Methodologies such as SHAP and LIME generate simple models (surrogates) that offer explanations for a single data point that corresponds to a specific decision or prediction. Local surrogates are inherently interpretable models: the output of surrogates provides insights that can be understood and interpreted by a human being with an understanding of basic mathematics and simple logical deductions. However, we believe that the use of such local post-hoc explanation methods should be treated with extreme caution, especially when the use case requires strict guarantees that explanations are faithful. A local explanation method might in fact:
 

  • employ completely different features compared to the initial model for the very same prediction or decision.
  • result in a lack of robustness, as the explanations might be very different for very close data points.
  • produce little information as to understand how exactly the initial model made its computations.

Counterfactual explanations

Acknowledging the limitations of many post-hoc local explainability methods, the use of counterfactuals has been advocated in a broad variety of regulatory contexts. Counterfactual explanations shift the focus from “how this decision was made” to “what can be done to change this decision”. They provide to the users the smallest change they should perform in order to obtain the desirable outcome. And this turns out to resonate well with end users.
However, there are significant risks associated with the use of counterfactual explanations, including:
 

  • Suggested changes may not always be actionable.
  • Suggested changes may impact other dependent features that could in turn affect the decision in the non-desired direction.
  • Feature normalization is dataset dependent and does not always align with the users’ metrics
    of “cost of change”.
  • Counterfactuals could constitute an implicit recommendation in an industry where recommendations are legally prohibited.
  • Counterfactuals require that the underlying AI model remains unchanged.

Where do we go from here?

Explaining black-box and non-simulatable models is extremely challenging. Are there any other alternatives to explore?
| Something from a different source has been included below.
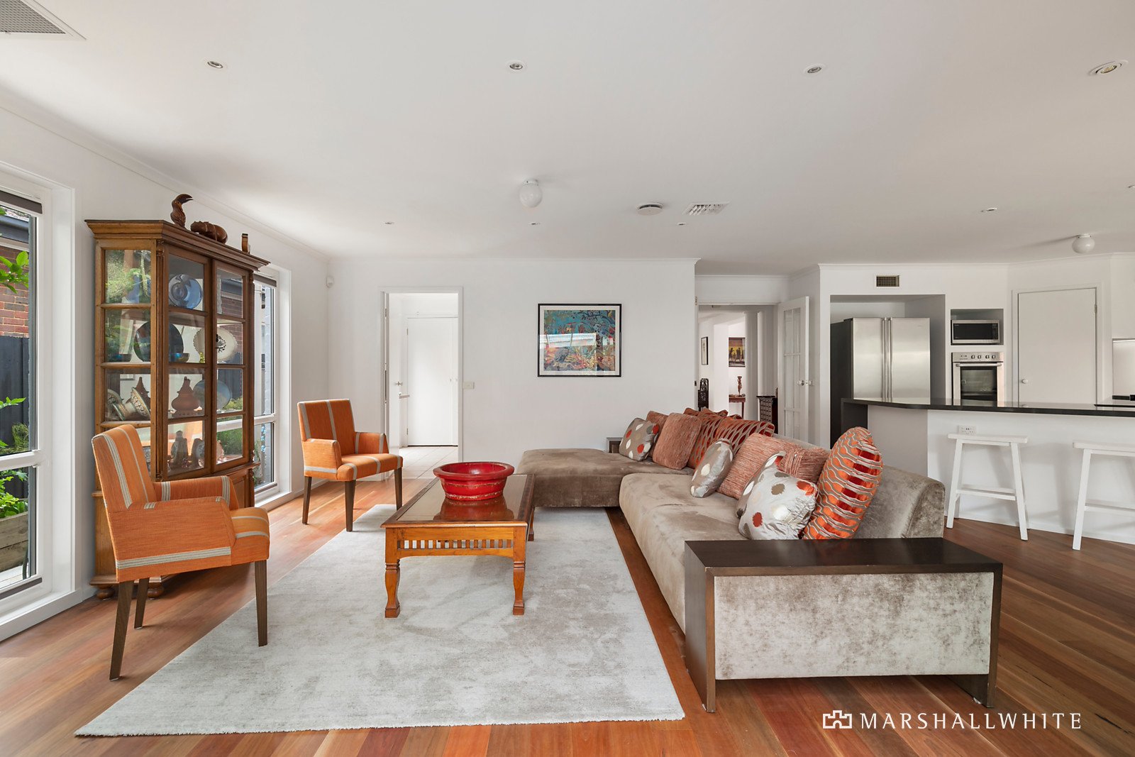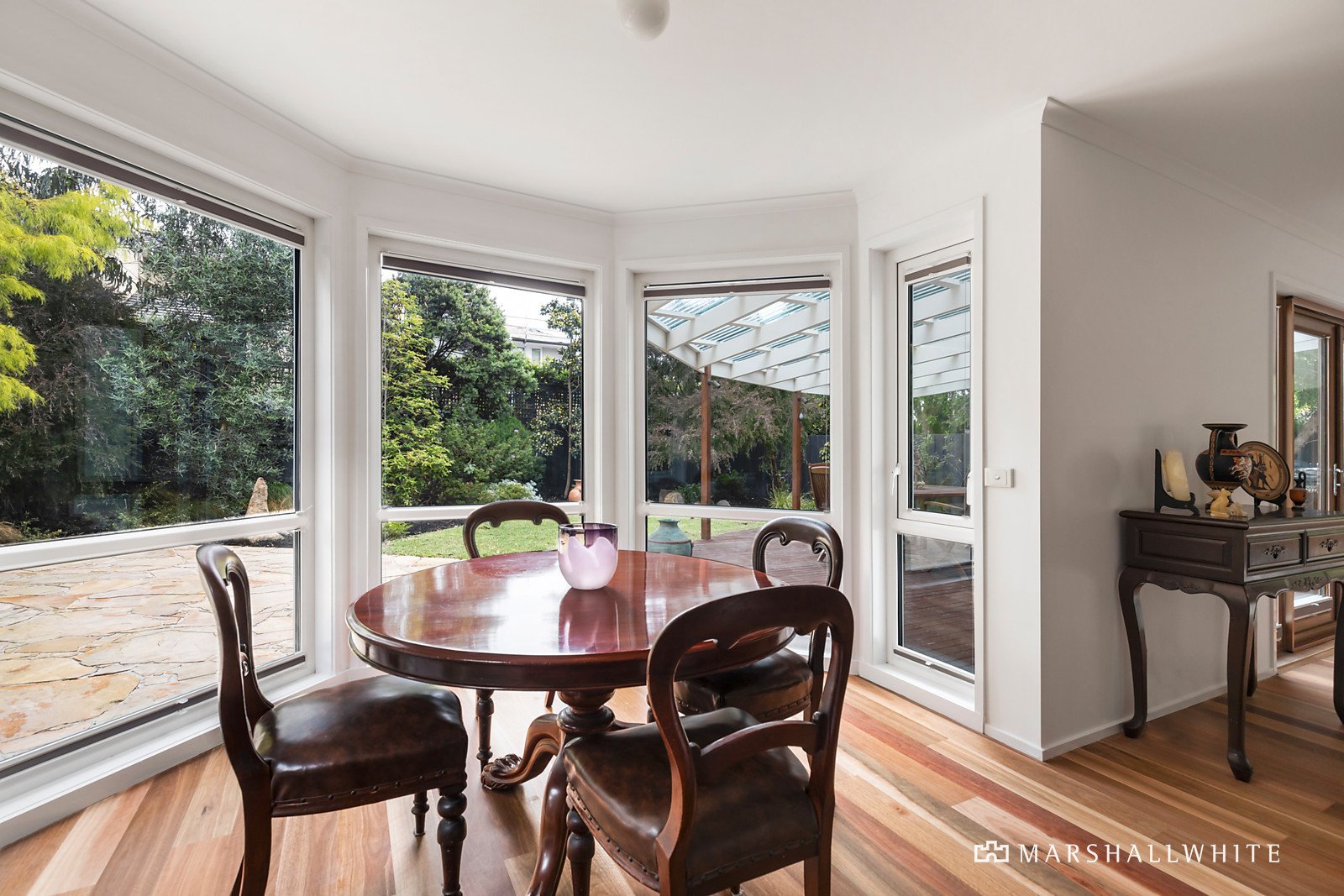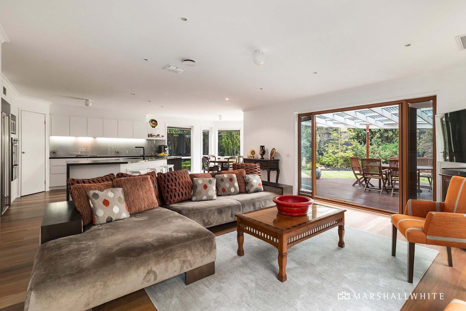 A wide entrance hall featuring hardwood floors introduces an elegant sitting room with open fire, gorgeous formal dining room overlooking the garden and a home office. The timber floors continue through the gourmet granite kitchen and expansive family living opening through French doors to a large, covered and plumbed-in BBQ, deck and the captivating landscaped garden with a crazy paved terrace offering multiple options for outdoor dining. An abundance of family accommodation upstairs comprises the generous main bedroom with bay window large enough for own personal retreat, lavish new en-suite and walk in robe, three additional double bedrooms with built in robes, a stylish bathroom and further spacious living area.

Inherently interpretable models

Progress in inherently interpretable simulatable models has been steep: from Prototypic Neural Networks to Explainable Boosting Machines, there are currently many types of inherently interpretable models that achieve state-of-the-art performance on a wide range of problems. It is often believed that it is necessary to sacrifice the interpretability of an algorithm for accuracy and performance (aka the accuracy-interpretability trade-off). However, this is a common misconception in the AI industry and the existence of an accuracy-interpretability trade-off has not been proven.

Especially for datasets with meaningful features, modern simulatable models may even outperform popular types of non-simulatable models such as random forests. Apart from high accuracy, inherently interpretable simulatable offer:
 

  • absolute transparency: management, regulatory entities and users can fully understand the decision-making process
  • ease to troubleshoot, fix and improve: developers and domain experts can iteratively increase model quality before deployment

Related research articles

[1] Goodman, Bryce, and Seth Flaxman. "European Union regulations on algorithmic decision-
making and a “right to explanation”." AI magazine 38.3 (2017): 50-57.
[2] Slack, Dylan, et al. "Fooling lime and shap: Adversarial attacks on post hoc explanation methods." Proceedings of the AAAI/ACM Conference on AI, Ethics, and Society. 2020
[3] Wachter, Sandra, Brent Mittelstadt, and Chris Russell. "Counterfactual explanations without opening the black box: Automated decisions and the GDPR." Harv. JL & Tech. 31 (2017): 841.
[4] Rudin, Cynthia. "Stop explaining black box machine learning models for high stakes decisions and use interpretable models instead." Nature Machine Intelligence 1.5 (2019): 206-215.
[5] Caruana, Rich, et al. "Intelligible models for healthcare: Predicting pneumonia risk and hospital 30-day readmission." Proceedings of the 21th ACM SIGKDD international conference on knowledge discovery and data mining. 2015.